Topic 14 Probability in statistics and real life

Much of statistics (namely inferential statistics) is about probability. Based on the data we have, is it likely that our hypothesis is true? But much of our other work as scientists, and much of everyday life, is also about probabilities. To be able to evaluate scientific claims, as well as news reporting and various situations in life, it helps to have a basic understanding of probability. By the end of this, you should be able to find an answer to questions like the following:

  • How big does a group need to be until it is 95% likely that two of them share a birthday?
  • Should it be news that there is a village in Poland where not a single boy has been born in more than a decade?
  • How likely is it that someone has breast cancer when they receive a positive mammogram result?

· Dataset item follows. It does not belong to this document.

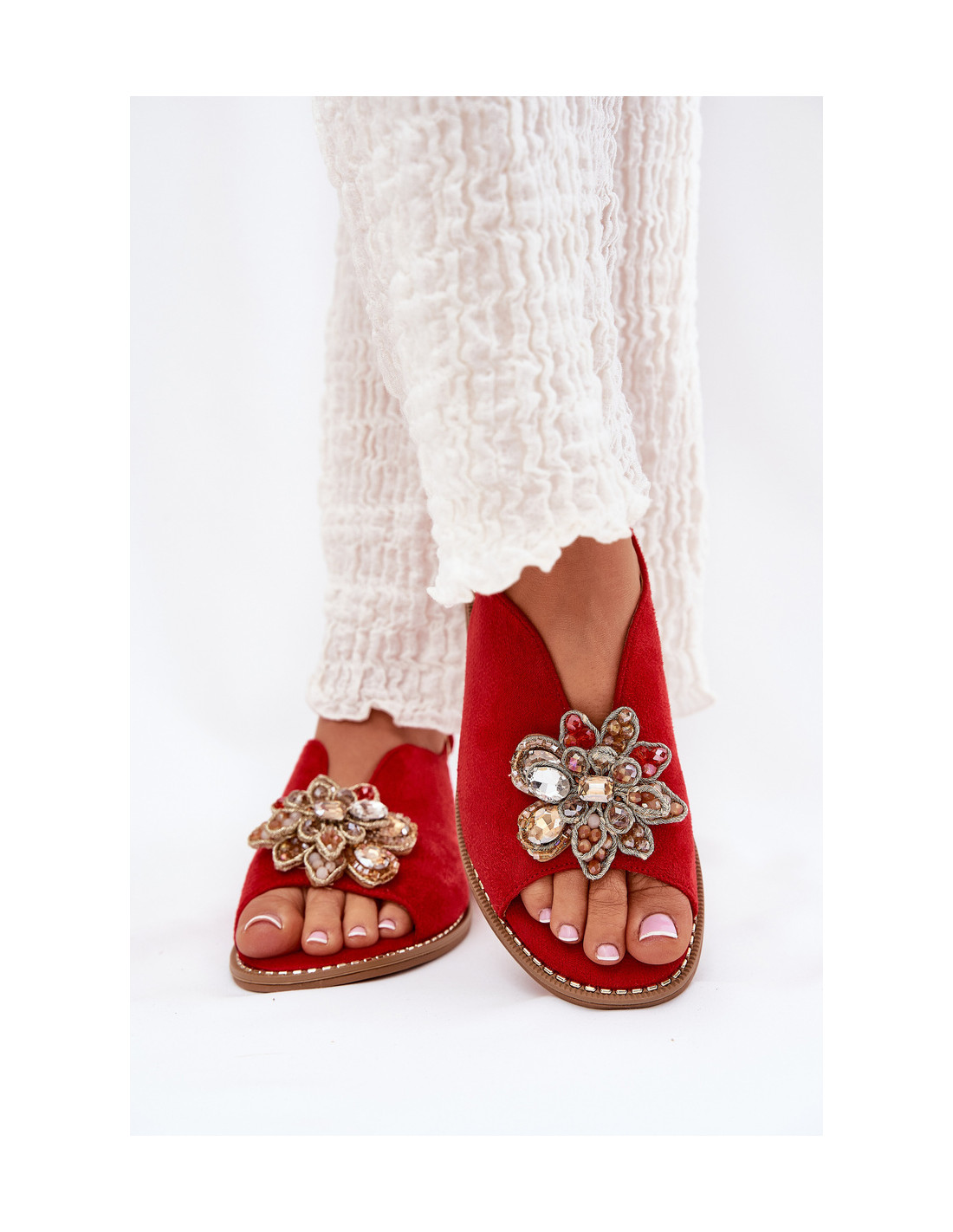 Moteriškos plokščios basutės su puošmena S.Barski KV27-001 Raudona

14.1 What are probabilities?

There is still a lot of technical disagreement on definitions in this area. However, for our purposes, we just need to distinguish three concepts: procedures, events and probabilities. Procedures are anything that generates data - from rolling a die and writing down the number to conducting a medical test or surveying 500 people and calculating the mean on some outcome. An event is the result of a procedure, be that a 3 on a die or a positive result on a medical test. Finally, the probability expresses the likelihood with which an unobserved event will occur. Probabilities thereby offer guidance as to a reasonable degree of belief.

Probabilities can be based on experience and inference. I can count how often it rains later in the day when I wake up to a grey sky; if I do that for long enough and calculate the share of days when it rained as a total of all days I observed, this will give me a good guidance regarding the probability of rain. Weather forecasting apps do something a bit more sophisticated, but still quite similar.

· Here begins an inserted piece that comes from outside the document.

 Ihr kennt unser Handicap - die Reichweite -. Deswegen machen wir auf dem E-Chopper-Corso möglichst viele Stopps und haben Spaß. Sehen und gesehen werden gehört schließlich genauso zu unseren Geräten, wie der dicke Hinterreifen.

Alternatively, we can use a more formal and logical way to find probabilities. This involves counting the number of possible outcomes of our procedure, and the number of possible outcomes that would lead to the event we are interested in. Probabilities are then expressed as fractions, dividing the number of ways in which our specified event can occur by the total number of outcomes. For example, the probability of rolling a 3 with a die is \(\frac{1}{6}\), as there are 6 possible outcomes, and only one of them results in a three. Rolling an even numbers, on the other hand, has a probability of \(\frac{3}{6}\) (or \(\frac{1}{2}\)) as there are now 3 out of 6 possible outcomes that lead to the event we are interested in.

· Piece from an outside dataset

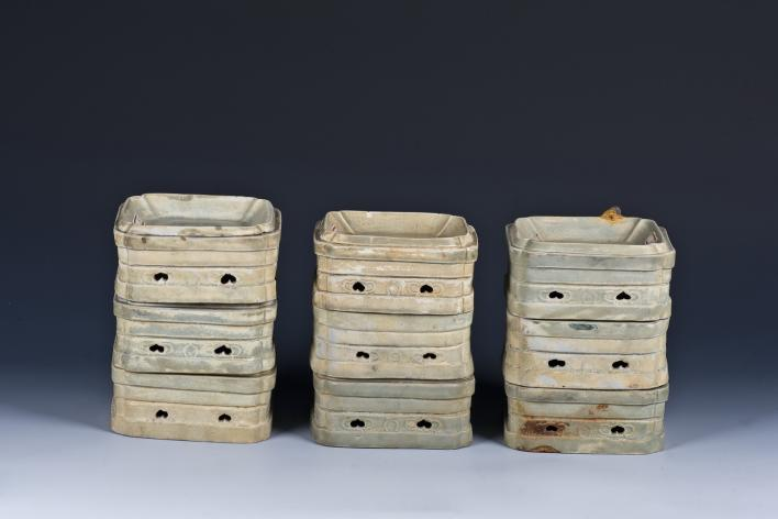 However, where were these exquisitely crafted secret-color celadons produced? Excavations at the Housiaoyao kiln site in Cixi, Zhejiang Province, from 2015 to 2017 (selected as one of China's Top Ten Archaeological Discoveries of 2016, Figures 33-35), finally pinpointed the precise origin of this legendary celadon hue. These excavations not only confirmed the kiln site as the core production center for secret-color porcelain during the late Tang, Five Dynasties, and early Northern Song periods, but also established a complete chain from production to use through a series of key evidence: Beyond matching forms and body-glaze characteristics, individual porcelain kiln shelves excavated at the site bore clear inscriptions reading “Luohu Master's Secret-Color Bowl” (Fig. 36), directly attesting to its production of “secret-color porcelain.” Fragments of an octagonal ewer discovered at the kiln site matched the base markings of an octagonal ewer unearthed from the Famen Temple underground palace exactly (Fig. 37). These discoveries act as a key, definitively solving the mystery of the secret-color porcelain's origin and establishing its production-distribution relationship on a solid archaeological foundation. They also unravel the mystery of its manufacturing techniques: The highest-grade porcelain clay (Fig. 38), celadon glaze, meticulously polished bodies, strong reduction firing using porcelain kiln shelves with glaze-sealed openings (Fig. 39), diverse forms (Fig. 40), and an aesthetic emphasizing form and glaze color—all these elements collectively established the technical and aesthetic foundations of China's highest-grade celadon.

Over to you - what is the probability of rolling a number smaller than 5?

These fractions can often be expressed more easily by a percentage. The probability of rolling an odd number is \(\frac{3}{6}\) or 50%.

What is the probability of pulling a red card from a standard deck of cards, in percent?

Finally, probabilities can range from 0 (0 %) to 1 (100 %) - an event with a probability of 0 is impossible, one with a probability of 1 is inevitable.

14.2 Combining multiple events together

Often we are interested in more than one possible outcome, for instance when there are several paths to a desired outcome. So what is the probability of rolling an even number or a 3 with a die? We already know that it is \(\frac{3}{6}\) for an even number and \(\frac{1}{6}\) for a 3. So the probability for either of them to occur is \(\frac{4}{6}\) - we can add them up.

However, what is the probability of rolling a 3 or an odd number? The probability for rolling an odd number is \(\frac{3}{6}\), and the probability for rolling a 3 is \(\frac{1}{6}\). Can we add them up? Remember that probabilities are the ways in which the event we are interested in can occur, divided by the total number of outcomes. Here, those are three ways (1, 3 and 5) of the possible six outcomes of rolling a die. Since rolling a 3 satisfies both sides of our or statement, we must not double count it.

As a shorthand, we can write \(P(A)\) to mean the probability of event A. Formally, the probability of either of two events occurring is \(P(A or B)=P(A)+P(B)-P(AandB)\)

Over to you - what is the probability of getting a King or Queen when you draw a card from a standard deck of cards (52 cards)?

Consider the total number of possible results as well as the possible number of ways you can get a King or a Queen

\(P(King)\) is \(\frac{4}{52}\) because there are 4 Kings among the 52 cards. Likewise, \(P(Queen)\) is \(\frac{4}{52}\) because there are 4 Queens. There is no card that is both a King and a Queen, so that we can just add up the probabilities and thus arrive at \(\frac{8}{52}\)

One more - what is the probability of getting a red card or a King or Queen when you draw a card from a standard deck of cards (52 cards)?

This time, there is a risk of double-counting. Avoid doing that.

\(P(KingorQueen)\) is \(\frac{8}{52}\), while \(P(Red)\) \(\frac{26}{52}\). However, there are 2 red Kings and 2 red Queens that are counted in both probabilities - therefore, we can get a red card or a King or a Queen in only 30 rather than 34 ways.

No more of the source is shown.